Deán de San Patricio, en Dublín, Jonathan Swift (1667-1745) publicó esta cuádruple fábula en 1726. Desde entonces, sobretodo merced al universal éxito en el ámbito de la literatura infantil de su primera parte, y más concretamente del viaje a Liliput (sólo una fracción de las aventuras y países que inventara este libro), se ha convertido en un clásico de amplísima circulación y en título imprescindible de la sátira social y política, género que también Swift puso en práctica, magistralmente, en obras como Historia de una bañera (1704) o Modesta propuesta para impedir que los hijos de los pobres sean una carga para sus padres (1729). Típico en él, el autor pone aquí en boca de otros (el libro se publicó anónimamente) opiniones propias y ajenas (los desvaríos y actitudes que tan aceradamente ridiculiza: intrigas palaciegas, degeneración de las costumbres, la hipocresía?). Pronto vemos que bajo la capa de lo divertido laten más graves acentos, tanto más sombríos conforme avanza la acción.

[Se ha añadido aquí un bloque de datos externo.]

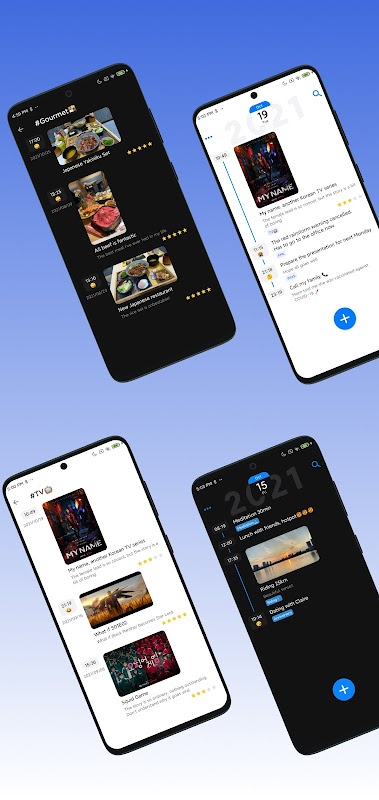 Inspired by "Daybreak Diary", "Nine Square Diary" and "Bullet Journal”, we have incorporated the idea that "every moment in life is worth recording" into Minimal Diary, which allows you to record every interesting things that happens at present, such as good songs, unforgettable movies, delicious food, and general living.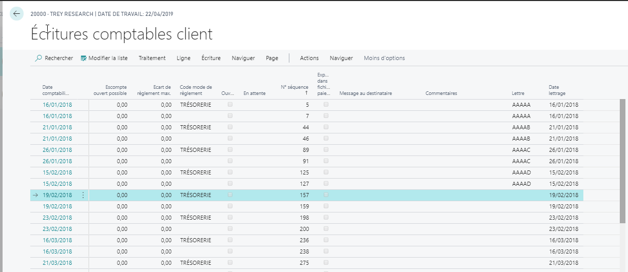 Depuis les écritures comptables client, il est possible d’appliquer le lettrage par code alphabétique unitairement pour un client. Deux fonctions ont été ajoutées :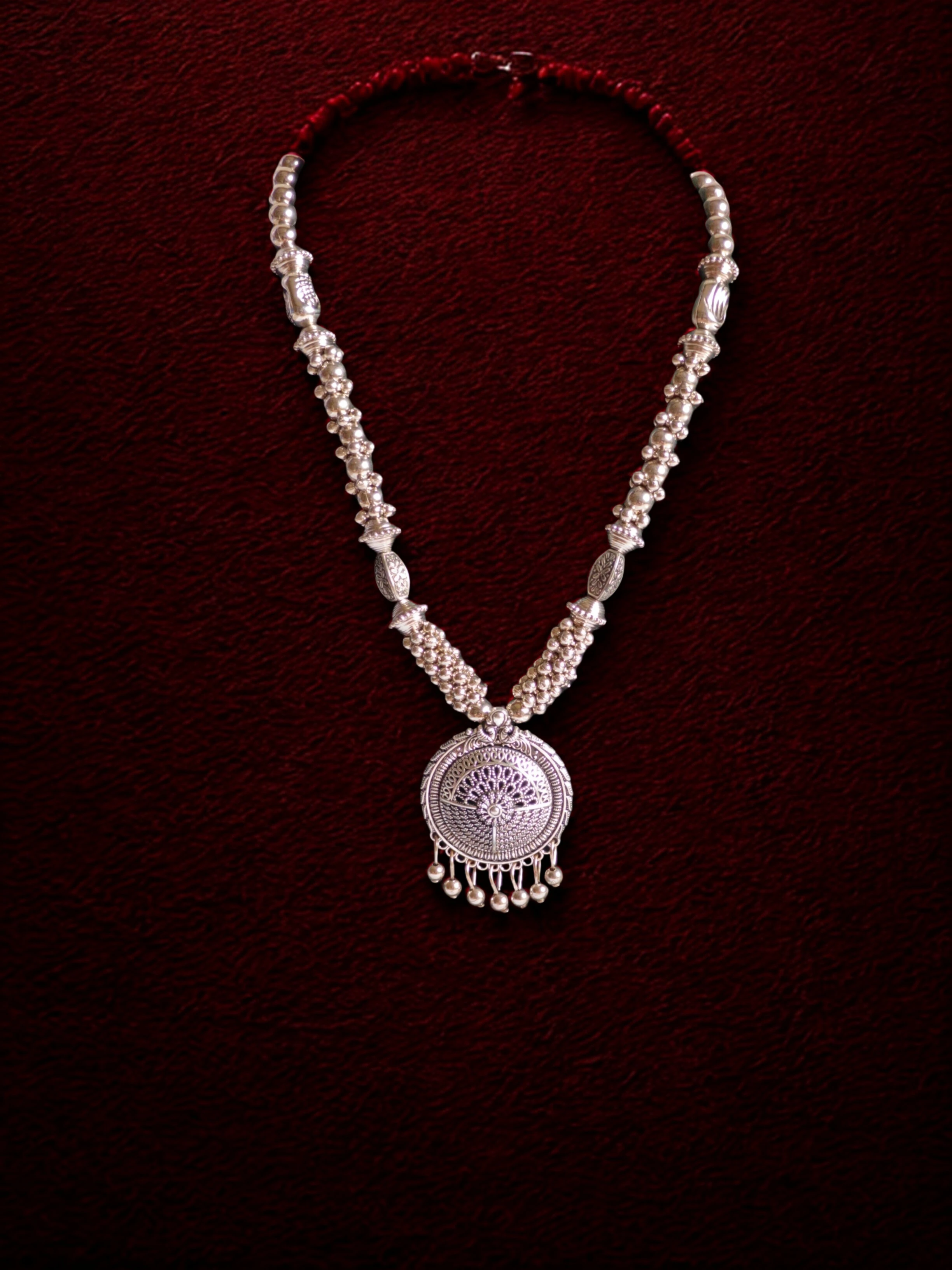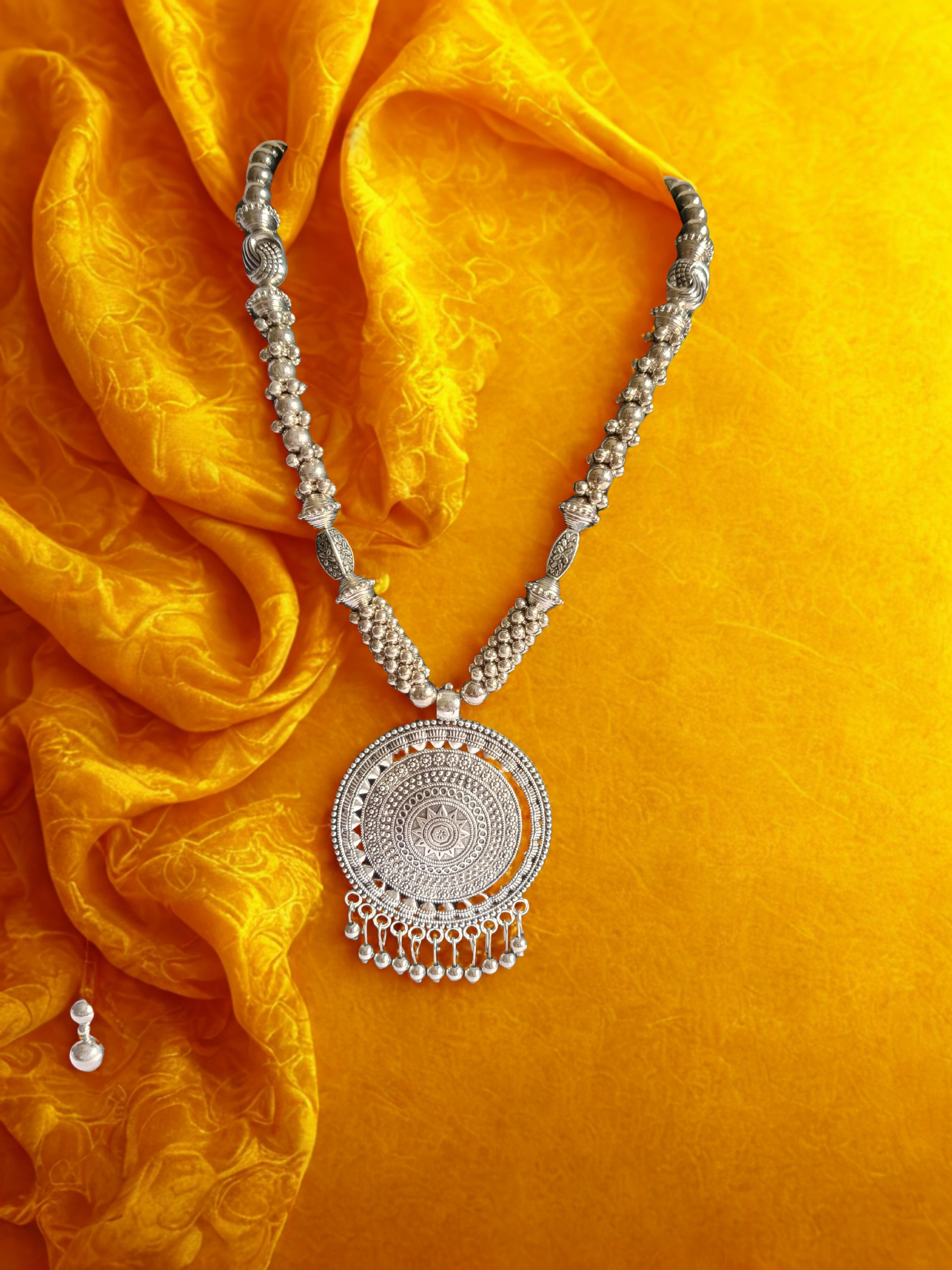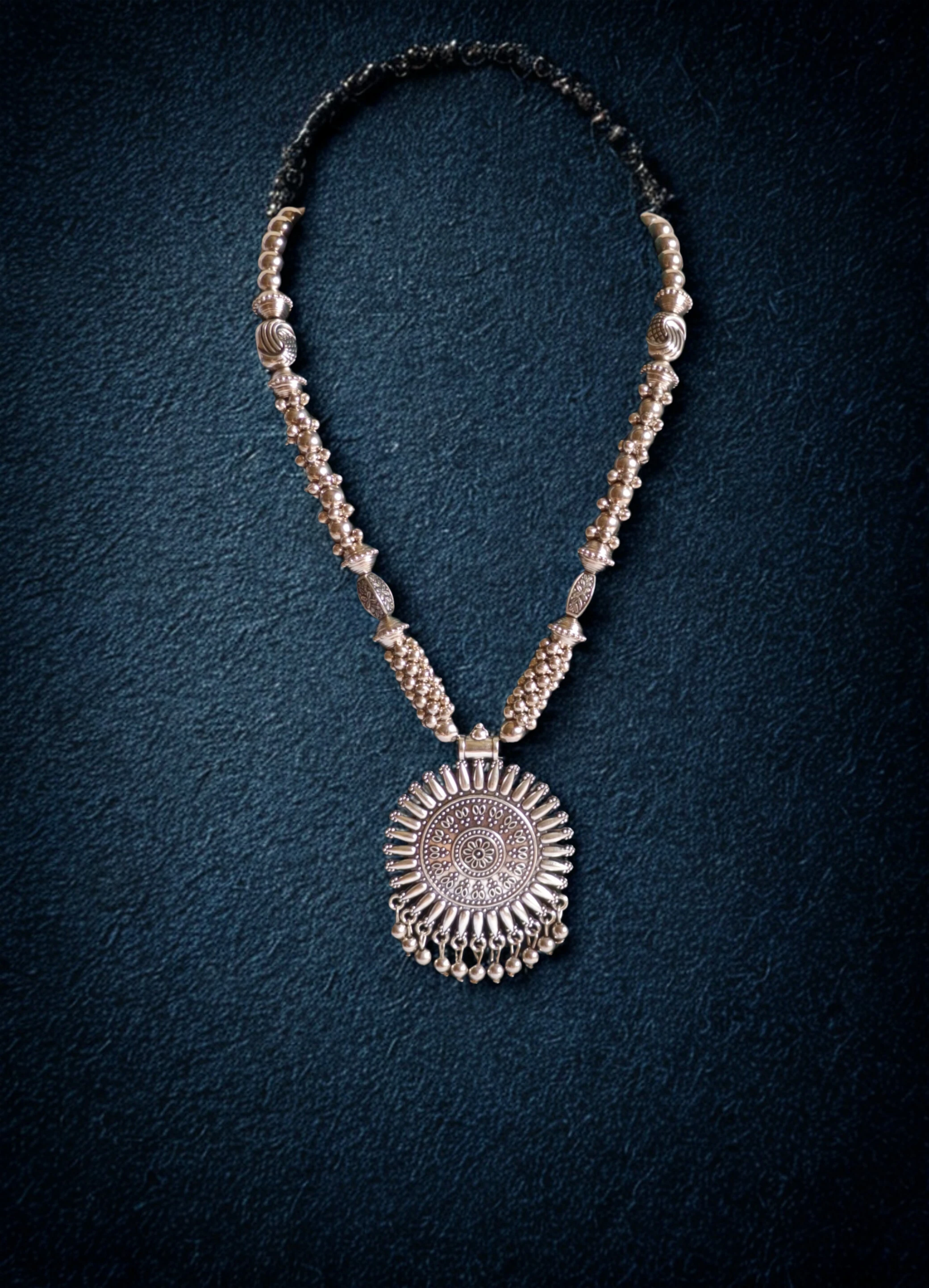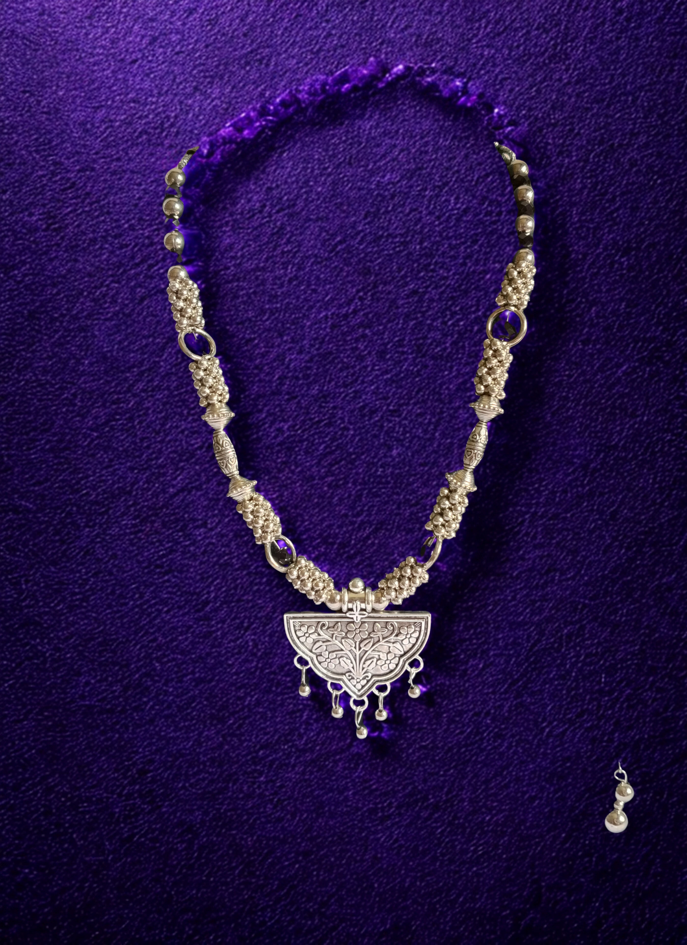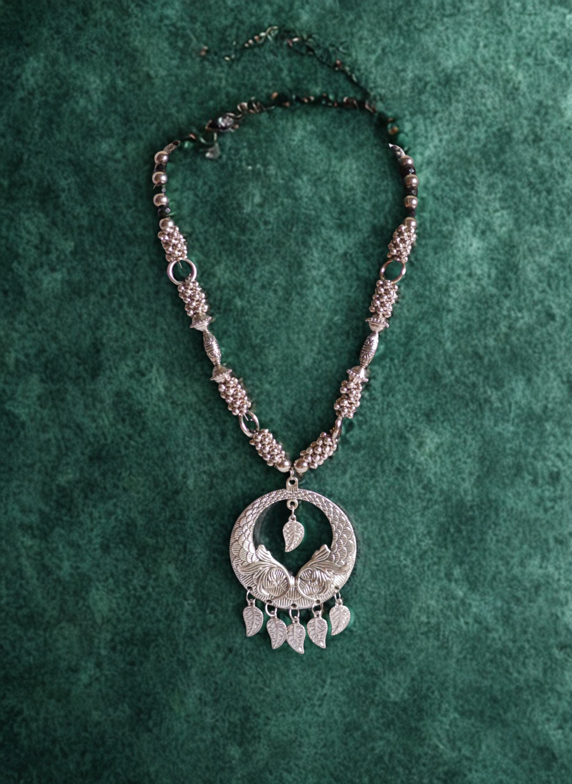 Elegant Oxidised Necklace Set for Women. Add a touch of timeless charm to your ethnic or boho look with this stunning oxidised necklace set. Crafted with intricate detailing, this set includes a beautifully designed necklace paired with matching earrings, making it the perfect accessory for festive occasions, weddings, or casual ethnic wear.

No se puede entender esta obra sin el precedente de crónicas de viajeros y descubridores, en época en que Inglaterra era due-ña de los mares. Pero como ha señalado Paul Muldoon, Los viajes de Gulliver ha de ser leído, también, a la luz de las antiguas narraciones irlandesas conocidas como immrama, esos relatos de navegaciones extraordinarias de los que El viaje de Bran (Brendan o nuestro San Barandán) o La travesía de Máel Dúin (que adaptara Tennyson) son exponentes.
En otras ediciones, la censura o una pudorosa mano eliminaron los episodios más escatológicos de la trama. Esta nueva traducción de Antonio Rivero Taravillo mantiene, en estilo y espíritu, la gracia, el candor y la picardía del original.